Consultant work is also pretty stressful and it may be that he doesn't want that anymore, but he misses the salary. Or it could be that he does want that, but doesn't feel he's got the skills and relevant experience anymore.

At the end of the day, though, you're doing all you can. You can't make him apply, and he's unlikely to get or keep the job if really he doesn't want to and he's lacking motivation and confidence.

If it's a wage problem, I'd focus on your career and support him when he's ready to make a change.

If it's that he seems sad and mentions this a lot, you might need to talk to him about whether he's just letting off steam, and if so, how he can do that so that he's not winding either of you up.

tanpestryfirescreen · 30/04/2019 10:31

he used to work as a consultant travelling around and was on amazing money

Lots of time away?
Didn't see family?
Different hotel every night?
Lots of travelling?

I do this and I would seriously consider giving it up for less money but more time at home.

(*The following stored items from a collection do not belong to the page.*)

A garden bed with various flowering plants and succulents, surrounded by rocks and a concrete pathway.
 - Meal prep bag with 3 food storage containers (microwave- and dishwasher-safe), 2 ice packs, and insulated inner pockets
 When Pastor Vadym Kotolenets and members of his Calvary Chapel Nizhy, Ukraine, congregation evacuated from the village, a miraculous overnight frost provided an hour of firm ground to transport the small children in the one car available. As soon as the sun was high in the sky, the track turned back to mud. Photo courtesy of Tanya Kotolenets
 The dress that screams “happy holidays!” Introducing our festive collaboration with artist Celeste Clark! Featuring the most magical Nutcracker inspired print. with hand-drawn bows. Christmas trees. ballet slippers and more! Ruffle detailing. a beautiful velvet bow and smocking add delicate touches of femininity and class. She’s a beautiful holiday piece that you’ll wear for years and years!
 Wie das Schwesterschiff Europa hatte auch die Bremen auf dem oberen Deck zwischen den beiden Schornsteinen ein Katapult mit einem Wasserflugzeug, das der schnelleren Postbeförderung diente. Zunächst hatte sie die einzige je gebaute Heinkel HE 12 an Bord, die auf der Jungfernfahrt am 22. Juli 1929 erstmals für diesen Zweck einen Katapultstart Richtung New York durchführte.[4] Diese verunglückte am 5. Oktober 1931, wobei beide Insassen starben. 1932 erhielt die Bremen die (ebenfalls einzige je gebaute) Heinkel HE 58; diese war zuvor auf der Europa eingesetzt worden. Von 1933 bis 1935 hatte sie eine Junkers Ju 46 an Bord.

NoIDontWatchLoveIsland · 30/04/2019 10:46

Has he got other reasons to retain this job? I could earn more, but stay in my current role as the hours are flexible, plus I have benefits which suit us as a family & a good pension scheme. My DH is in a similar position, he could earn (a lot) more, but it would mean more stress & responsibility, more risk of redundancy, and longer hours generally, plus more travel away from home. I understand why he's making the choice he is, there's a balance in life.

SalemShadow · 30/04/2019 11:20

What do you do for a living OP? What income are you on and what jobs plus salary are you applying for? Sometimes the women have to be the breadwinners.

Snog · 30/04/2019 14:18

Maybe the current job has dented his confidence. It's not easy to find a new job when you feel down even though it may well help you feel better once you get it.